In re Marshall

Kentucky Supreme Court
In re Marshall, 734 S.W.2d 472 (Ky. 1987)
1987 Ky. LEXIS 223
Attached, Gant, Lambert, Leibson, Stephens, Stephenson, Vance, Wintersheimer

In re Marshall

Opinion of the Court

OPINION OF THE COURT

This appeal arose from the proceedings in the case of Hall v. Commonwealth, NO. 86-CA-138-MR then pending in the Court of Appeals of Kentucky.

Larry H. Marshall, an assistant public advocate, was the attorney for C.B. Hall. He did not complete a brief for Hall within the time it was required to be filed pursuant to CR 76.12, but timely requested and was granted a 90-day extension in which to file the brief. The order recited that no further extensions of time would be granted.

Three days prior to the expiration of the 90-day extension, Marshall moved for an additional extention of time to and including November 4, 1986. The motion was granted by Chief Judge John Hayes, who also imposed a fine of $250.00 upon Marshall as a sanction for his failure to file the brief in compliance with the previous order.
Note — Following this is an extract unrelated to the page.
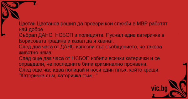 Събрал ДАНС, НСБОП и полицията. Пуснал една катеричка в Борисовата градина и казал да я хванат.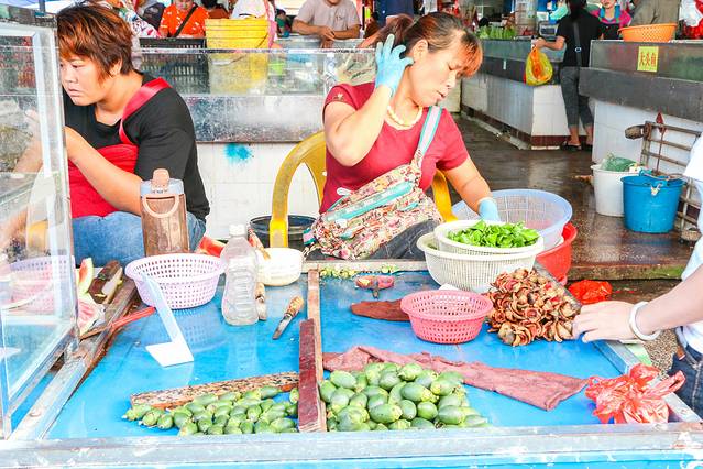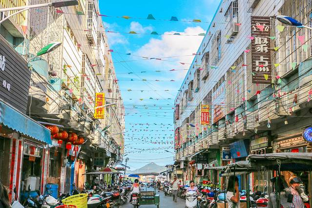 第一市场的海鲜农贸市场不算精致,但却生动地记录着这座城市舌尖上的鲜味历史,街边老旧的居民房透露着沉淀的旧事,喧闹的大街上除了游客,更多的是本地人嚼着槟榔喝着茶的休闲生活,市场里忙碌的商客在讨价还价,特色小吃和热带水果的香味飘香街头,这里是三亚市场的雏形。

We have granted Marshall’s motion for discretionary review. CR 73.02(2)(c) provides for the imposition of fines upon counsel failing to comply with the Rules of Procedure relating to appeals. The fine imposed in this case was within the limits provided by the rule.

Marshall contends that the fine was summary in nature and was not imposed by a three-judge panel of the court, but by the Chief Judge acting alone. He concludes he was denied due process because he did not receive any notice that any action against him was contemplated, and therefore he *473had no opportunity to present a defense; that the imposition of the fine denied him equal protection of the law; that a single judge of the Court of Appeals has no authority to impose a fine under circumstances such as these; and that the fine should be suspended, in any event, because this was Marshall’s first sanction.

We find no merit in Marshall’s contention that he was denied equal protection of the law or that this court should suspend his fine because this was the first sanction imposed upon him.

The proceeding against Marshall was for failure to comply with a rule of procedure. It was not a proceeding to hold him in contempt. There was no requirement for a showing of bad faith upon his part or that he maliciously or deliberately refused to comply with the rule. The mere fact that he failed to comply with the rule is sufficient, in itself, to justify the imposition of a fine for the violation.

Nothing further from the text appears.